As shown in Fig. 7A, CGP-37157 also increased the depression of EPP amplitudes recorded during the latter part of the tetanus. This result, considered together with the cytosolic [Ca2+] record in Fig. 6C, is consistent with the idea that mitochondrial Ca2+ extrusion via the Na+–Ca2+ exchanger can in some terminals increase cytosolic [Ca2+] and evoked release during as well as after the train. Another possible explanation of the increased depression in the presence of CGP-37157 is that this drug increased the initial (baseline) level of evoked release. This explanation seems unlikely, because CGP-37157 had no significant effect on either the muscle resting potential or the initial EPP amplitude.
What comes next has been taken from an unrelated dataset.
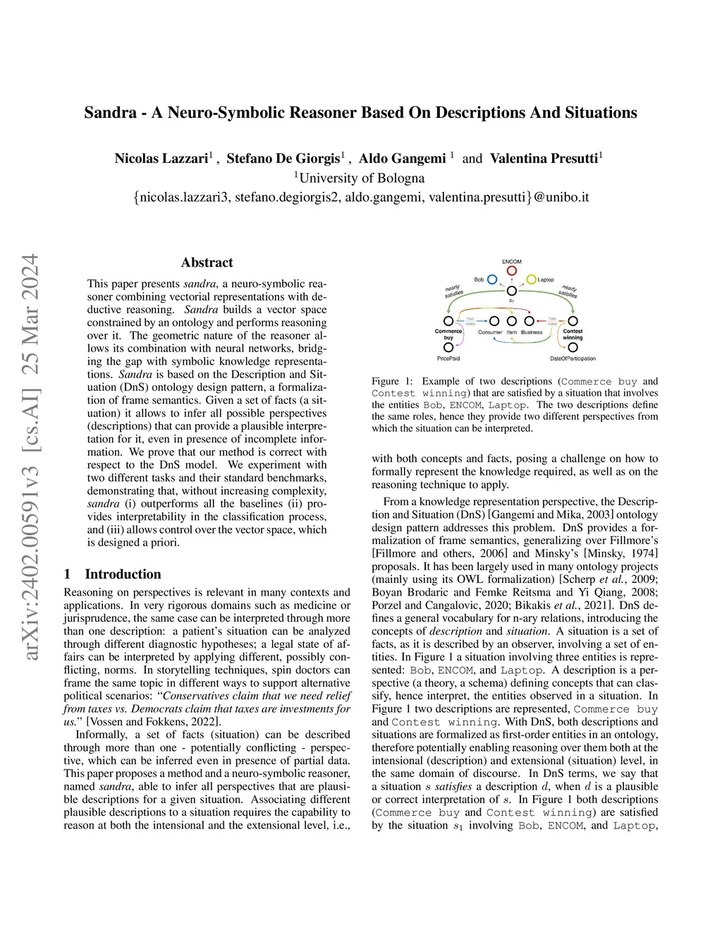 This paper presents sandra, a neuro-symbolic reasoner combining vectorial representations with deductive reasoning. Sandra builds a vector space constrained by an ontology and performs reasoning over it. The geometric nature of the reasoner allows its combination with neural networks, bridging the gap with symbolic knowledge representations. Sandra is based on the Description and Situation (DnS) ontology design pattern, a formalization of frame semantics. Given a set of facts (a situation) it allows to infer all possible perspectives (descriptions) that can provide a plausible interpretation for it, even in presence of incomplete information. We prove that our method is correct with respect to the DnS model. We experiment with two different tasks and their standard benchmarks, demonstrating that, without increasing complexity, sandra (i) outperforms all the baselines (ii) provides interpretability in the classification process, and (iii) allows control over the vector space, which is designed a priori.
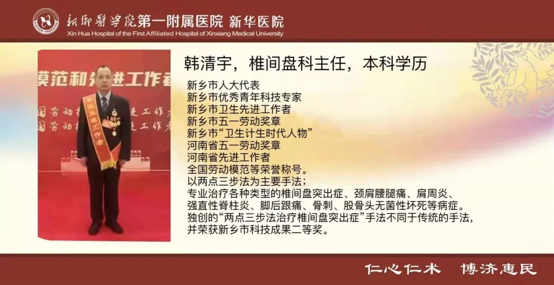 椎间盘科全国劳模韩清宇主任每周一至周五坐诊并进行治疗和随访;

We also tested the effects of CGP-37157 on tetanic and post-tetanic EPP amplitudes under two non-physiological experimental conditions designed to minimize tetanic depression and increase post-tetanic release. For the experiment shown in Fig. 7B, the duration of the stimulus train was reduced from 500 to 200 stimuli and the temperature was reduced from 30°C to 22°C. There was a pronounced and prolonged post-tetanic increase in EPP amplitudes in control solution, consistent with the demonstration by Hubbard et al. (1971) that lowering the temperature enhances post-tetanic release in rat motor terminals. This post-tetanic increase was abolished by CGP-37157. Under these conditions, CGP-37157 had no effect on EPP amplitudes during the stimulus train, indicating that inhibition of post-tetanic release by this drug can occur independent of any inhibition of release during the tetanus.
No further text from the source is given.